== Task description ==
Every entry must be repeated exactly. Exclude all pictures.
++++ Extracted data
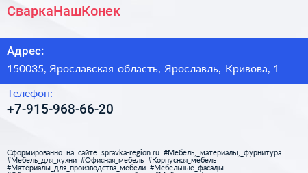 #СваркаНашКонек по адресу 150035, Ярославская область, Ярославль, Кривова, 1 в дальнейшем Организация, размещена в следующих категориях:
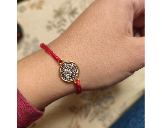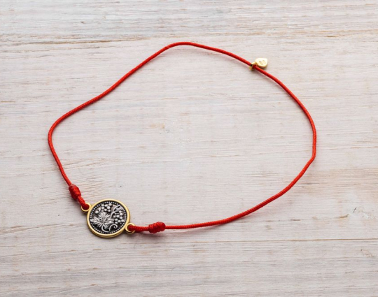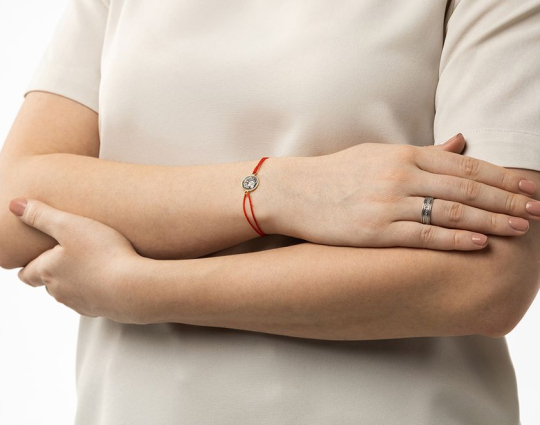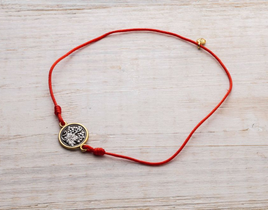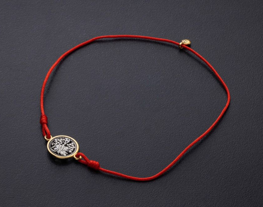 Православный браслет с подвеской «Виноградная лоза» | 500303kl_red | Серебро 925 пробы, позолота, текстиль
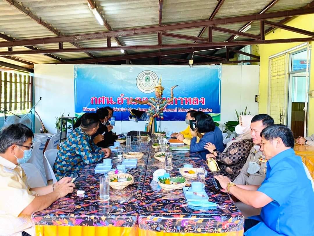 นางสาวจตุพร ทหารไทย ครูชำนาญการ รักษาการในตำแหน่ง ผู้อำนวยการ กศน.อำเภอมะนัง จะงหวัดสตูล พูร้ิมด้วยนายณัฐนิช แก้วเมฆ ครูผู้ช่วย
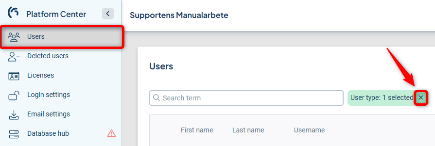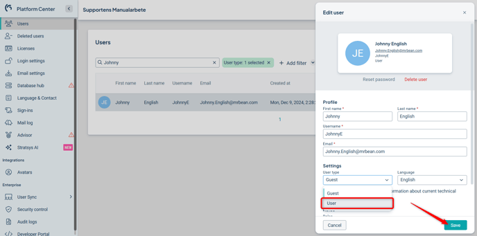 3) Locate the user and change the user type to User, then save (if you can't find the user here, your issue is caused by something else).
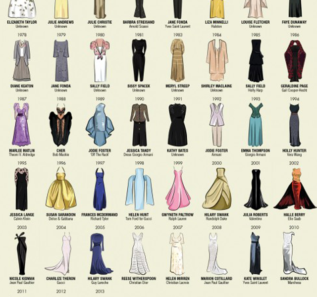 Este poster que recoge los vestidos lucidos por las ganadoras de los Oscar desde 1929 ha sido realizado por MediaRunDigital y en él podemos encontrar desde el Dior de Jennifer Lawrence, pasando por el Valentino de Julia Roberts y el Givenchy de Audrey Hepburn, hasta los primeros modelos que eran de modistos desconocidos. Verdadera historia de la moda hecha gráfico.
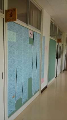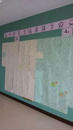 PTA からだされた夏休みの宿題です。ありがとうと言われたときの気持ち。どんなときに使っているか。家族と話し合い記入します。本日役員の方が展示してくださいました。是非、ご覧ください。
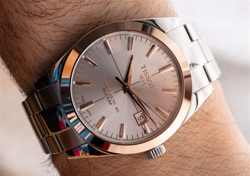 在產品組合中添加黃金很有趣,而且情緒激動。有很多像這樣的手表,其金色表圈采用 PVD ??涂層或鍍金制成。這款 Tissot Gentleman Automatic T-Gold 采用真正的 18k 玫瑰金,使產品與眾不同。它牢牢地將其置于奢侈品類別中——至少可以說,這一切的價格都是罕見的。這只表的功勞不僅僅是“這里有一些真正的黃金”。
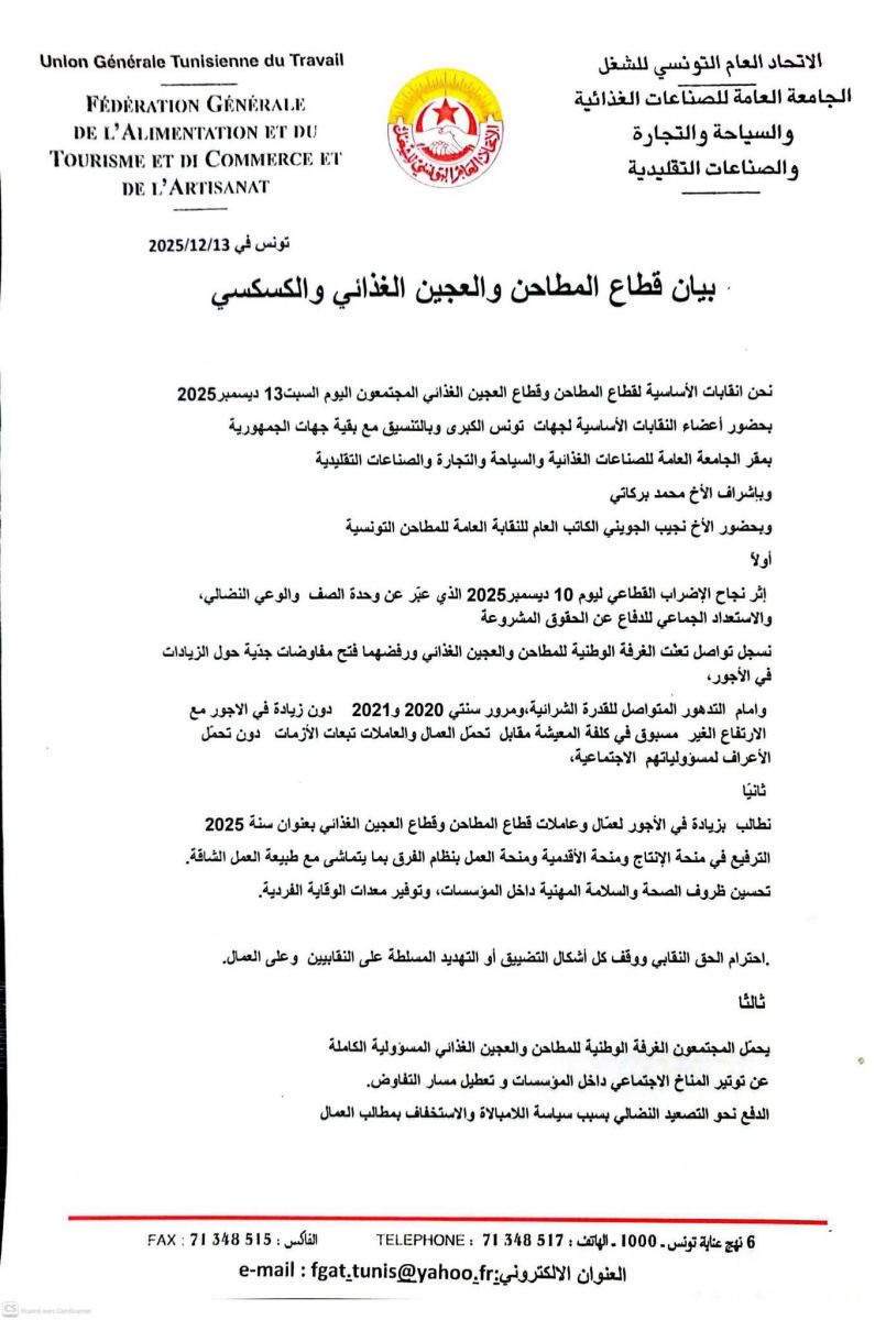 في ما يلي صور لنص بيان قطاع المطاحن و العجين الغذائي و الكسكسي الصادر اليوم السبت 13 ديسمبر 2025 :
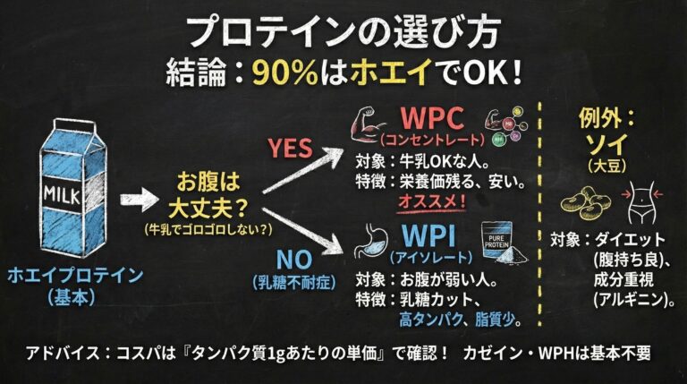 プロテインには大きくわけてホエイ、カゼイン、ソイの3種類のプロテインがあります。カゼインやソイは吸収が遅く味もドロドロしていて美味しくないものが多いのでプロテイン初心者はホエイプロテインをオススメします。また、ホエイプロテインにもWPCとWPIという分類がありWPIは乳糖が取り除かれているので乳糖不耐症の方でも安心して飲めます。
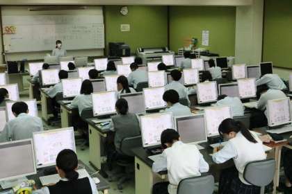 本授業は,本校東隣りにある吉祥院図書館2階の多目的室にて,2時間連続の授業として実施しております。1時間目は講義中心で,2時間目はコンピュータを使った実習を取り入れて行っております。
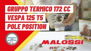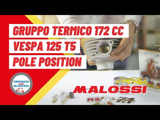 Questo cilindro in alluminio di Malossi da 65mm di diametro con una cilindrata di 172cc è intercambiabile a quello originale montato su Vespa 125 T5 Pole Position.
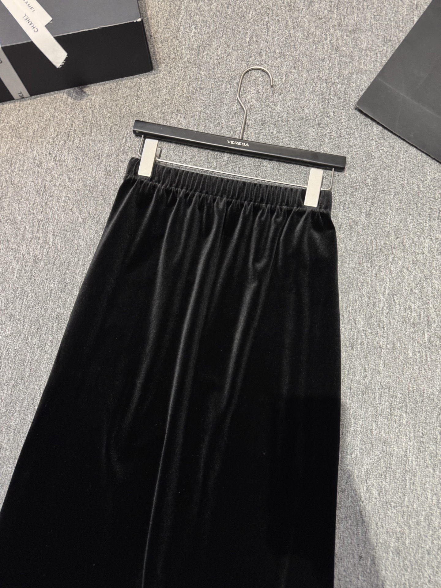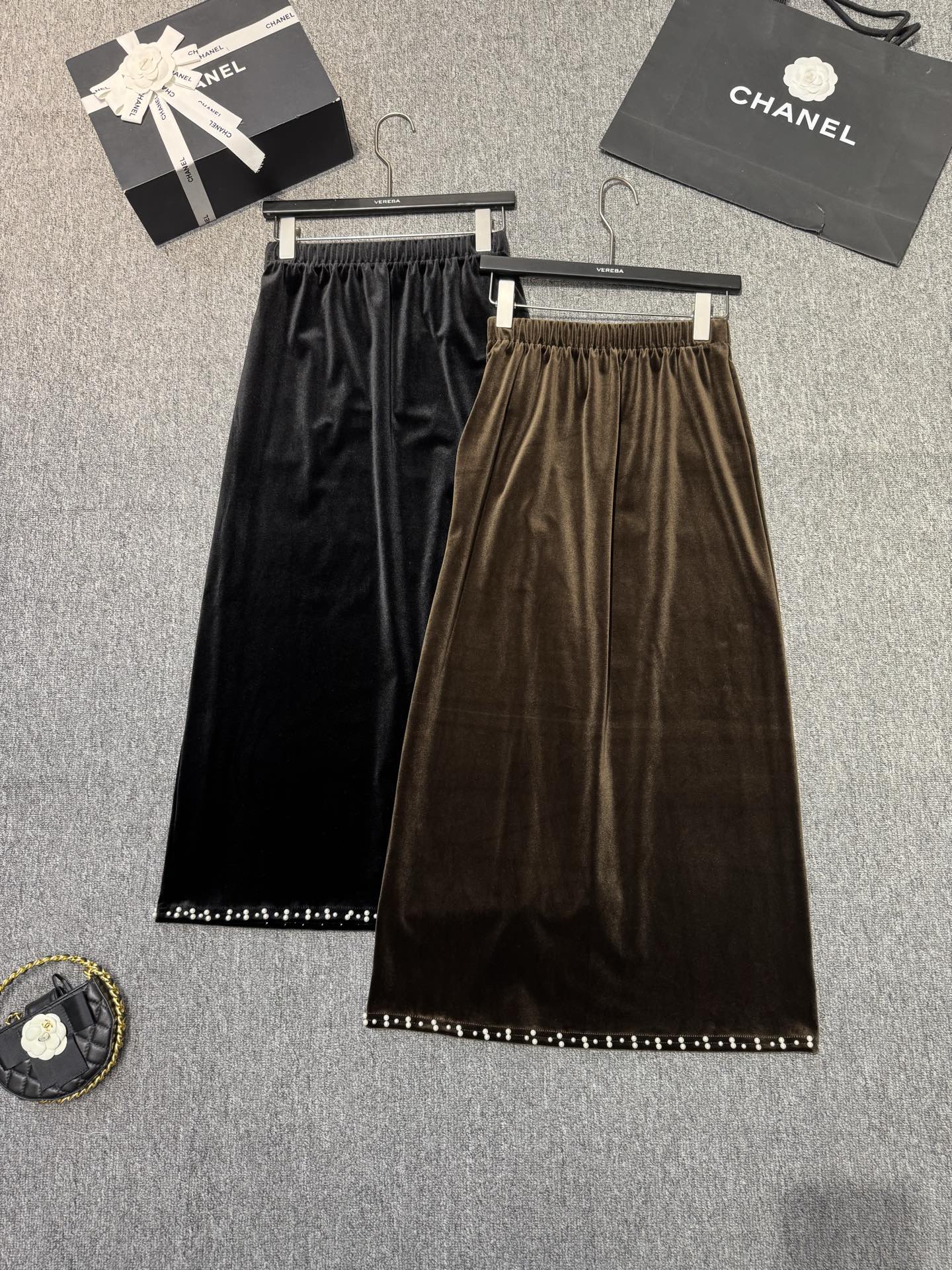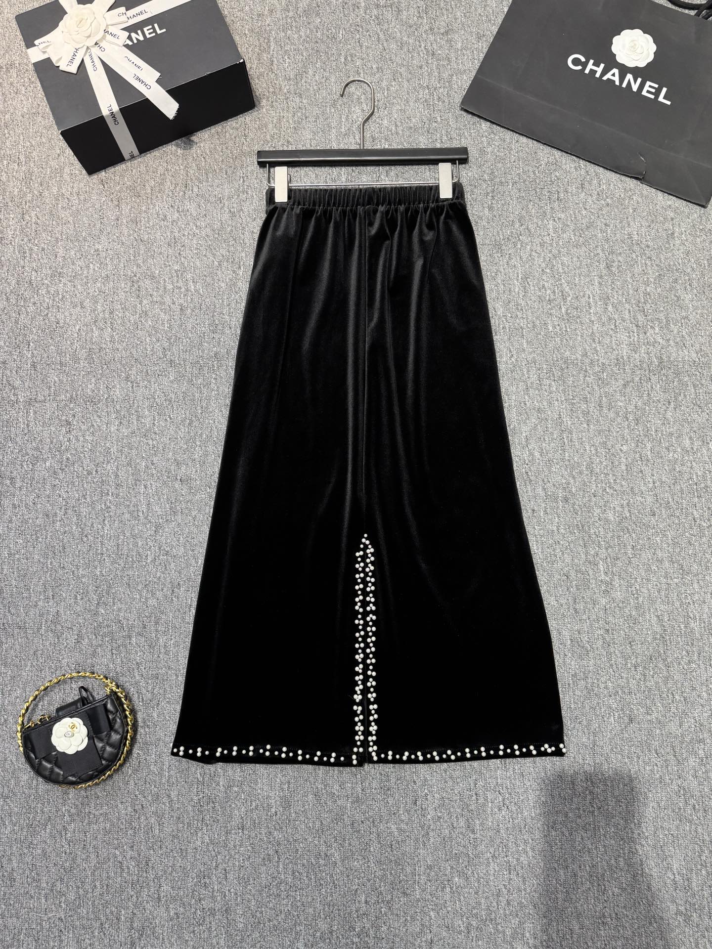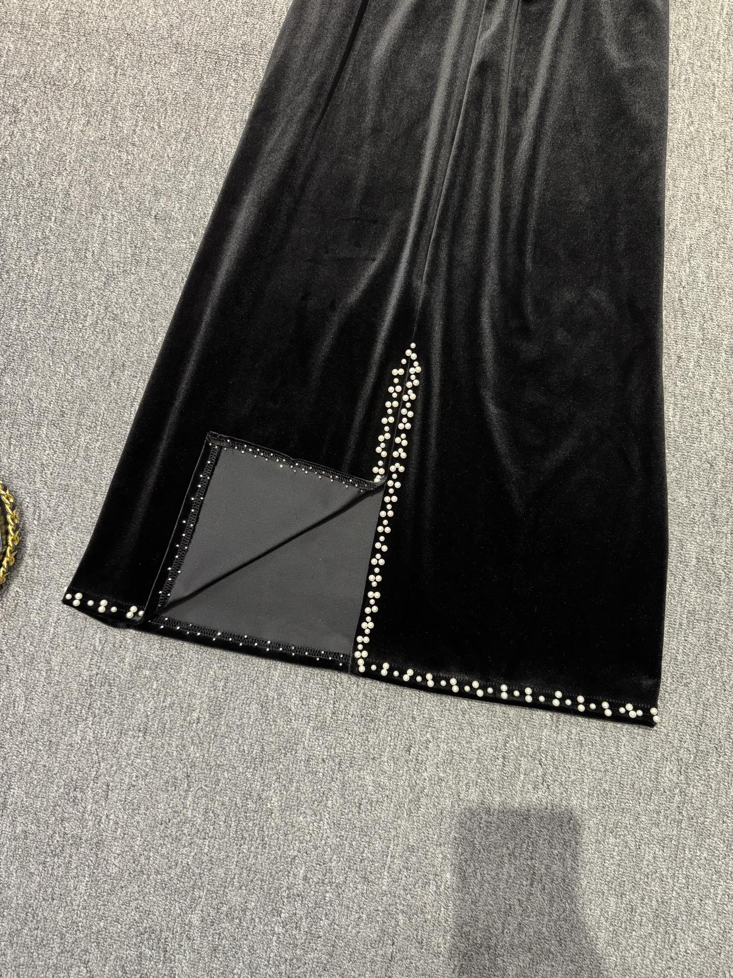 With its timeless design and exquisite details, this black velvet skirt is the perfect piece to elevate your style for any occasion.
++++++++
== Exercise response ==
 #СваркаНашКонек по адресу 150035, Ярославская область, Ярославль, Кривова, 1 в дальнейшем Организация, размещена в следующих категориях:
 Православный браслет с подвеской «Виноградная лоза» | 500303kl_red | Серебро 925 пробы, позолота, текстиль
 นางสาวจตุพร ทหารไทย ครูชำนาญการ รักษาการในตำแหน่ง ผู้อำนวยการ กศน.อำเภอมะนัง จะงหวัดสตูล พูร้ิมด้วยนายณัฐนิช แก้วเมฆ ครูผู้ช่วย
 3) Locate the user and change the user type to User, then save (if you can't find the user here, your issue is caused by something else).
 Este poster que recoge los vestidos lucidos por las ganadoras de los Oscar desde 1929 ha sido realizado por MediaRunDigital y en él podemos encontrar desde el Dior de Jennifer Lawrence, pasando por el Valentino de Julia Roberts y el Givenchy de Audrey Hepburn, hasta los primeros modelos que eran de modistos desconocidos. Verdadera historia de la moda hecha gráfico.
 PTA からだされた夏休みの宿題です。ありがとうと言われたときの気持ち。どんなときに使っているか。家族と話し合い記入します。本日役員の方が展示してくださいました。是非、ご覧ください。
 在產品組合中添加黃金很有趣,而且情緒激動。有很多像這樣的手表,其金色表圈采用 PVD ??涂層或鍍金制成。這款 Tissot Gentleman Automatic T-Gold 采用真正的 18k 玫瑰金,使產品與眾不同。它牢牢地將其置于奢侈品類別中——至少可以說,這一切的價格都是罕見的。這只表的功勞不僅僅是“這里有一些真正的黃金”。
 في ما يلي صور لنص بيان قطاع المطاحن و العجين الغذائي و الكسكسي الصادر اليوم السبت 13 ديسمبر 2025 :
 プロテインには大きくわけてホエイ、カゼイン、ソイの3種類のプロテインがあります。カゼインやソイは吸収が遅く味もドロドロしていて美味しくないものが多いのでプロテイン初心者はホエイプロテインをオススメします。また、ホエイプロテインにもWPCとWPIという分類がありWPIは乳糖が取り除かれているので乳糖不耐症の方でも安心して飲めます。
 本授業は,本校東隣りにある吉祥院図書館2階の多目的室にて,2時間連続の授業として実施しております。1時間目は講義中心で,2時間目はコンピュータを使った実習を取り入れて行っております。
 Questo cilindro in alluminio di Malossi da 65mm di diametro con una cilindrata di 172cc è intercambiabile a quello originale montato su Vespa 125 T5 Pole Position.
 With its timeless design and exquisite details, this black velvet skirt is the perfect piece to elevate your style for any occasion.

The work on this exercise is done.